To target the alternative scenarios (Table 1), we used correlation analyses to first evaluate whether there was any negative co-variation between the grazer effects on NAP and on vegetation composition. Next, we assessed whether the choice of data metrics affected the resulting correlations by using all four combinations of data types. Subsequently, we analysed whether any observed negative co-variation was due to the potential autocorrelation with an underlying soil moisture gradient through partial correlation. Likewise, we evaluated whether the negative co-variation was due to the differences in initial species richness between the ungrazed plots at the beginning of the study through partial correlation. Finally, we evaluated the co-variation among these two aspects after accounting for the partial effects of soil moisture and initial species richness. All analyses were performed using R 2.8.1 (R Development Core Team 2008).

Results

Grazer effect on species richness

There were no systematic differences in species richness between the paired grazed and ungrazed plots at the beginning of the study in 2005 (Figure 1a), but richness was higher in the areas used by native grazers (Table 2). However, after four years of herbivore exclusion (Figure 1b), species richness was significantly greater in the grazed plots than in the adjacent ungrazed plots, but there was no effect of herbivore type (Table 2).

Figure 1
figure 1

Change in three aspects of vegetation structure: species richness, evenness, and community composition. The change was measured after four years of herbivore exclusion in the Spiti region of northern India using paired grazed and ungrazed plots. Species richness at the beginning of the study (a) is compared with that after four years (b). Likewise, initial community evenness (c) is compared to evenness at the end of the study (d). Differences in species composition between paired plots were much greater after four years, relative to initial differences, measured by indices of relative abundance (Bray-Curtis index (e)) and species occurrence (Sørensen index (f)). Areas used by native herbivores are shown as black symbols, while areas used by livestock are grey. Dashed lines represent equality, and statistical details are in Table 2.

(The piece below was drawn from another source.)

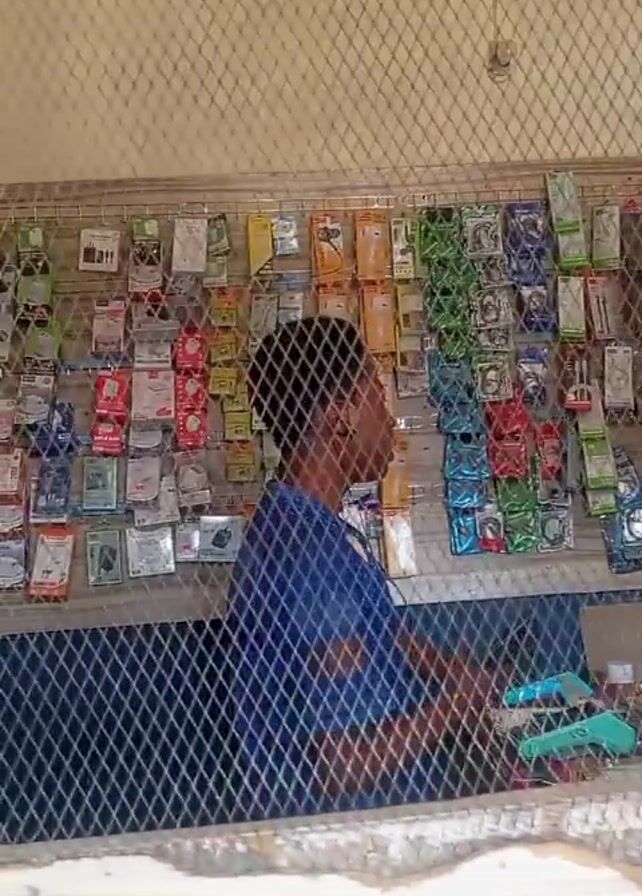 A medium shot shows a person in a blue shirt standing behind a counter in a small shop or kiosk. The person is dark-skinned, with short hair, and appears to be focused on something in front of them on the counter. The counter is made of a rough, light-colored material and has a blue trim. A wire mesh separates the person from the viewer. The backdrop of the kiosk is a wall covered with a variety of small packaged items hanging on hooks. These items are mostly electronic accessories like chargers, earphones, and screen protectors, with a mix of colors and packaging designs. The ceiling is white with a simple light fixture. The overall impression is a small, enclosed retail space with the person managing the inventory. The audio contains local music.

Table 2 Summary of two-way ANOVAs for grazer effects on species richness and evenness and on species composition for Bray-Curtis index and Sørensen index in Spiti region, northern India

Grazer effect on community evenness

There were no systematic differences in plant community evenness (Figure 1c) between the paired grazed and ungrazed plots at the beginning of the study in 2005, but evenness was higher in the areas used by native grazers (Table 2). Similar patterns were observed after four years of herbivore exclusion (Figure 1d); the difference in plant community evenness between the areas used by livestock and native herbivores had decreased (Table 2). Community evenness increased after fencing in the livestock areas, and these became comparable to the areas used by native grazers by the end of the study (Figure 1d).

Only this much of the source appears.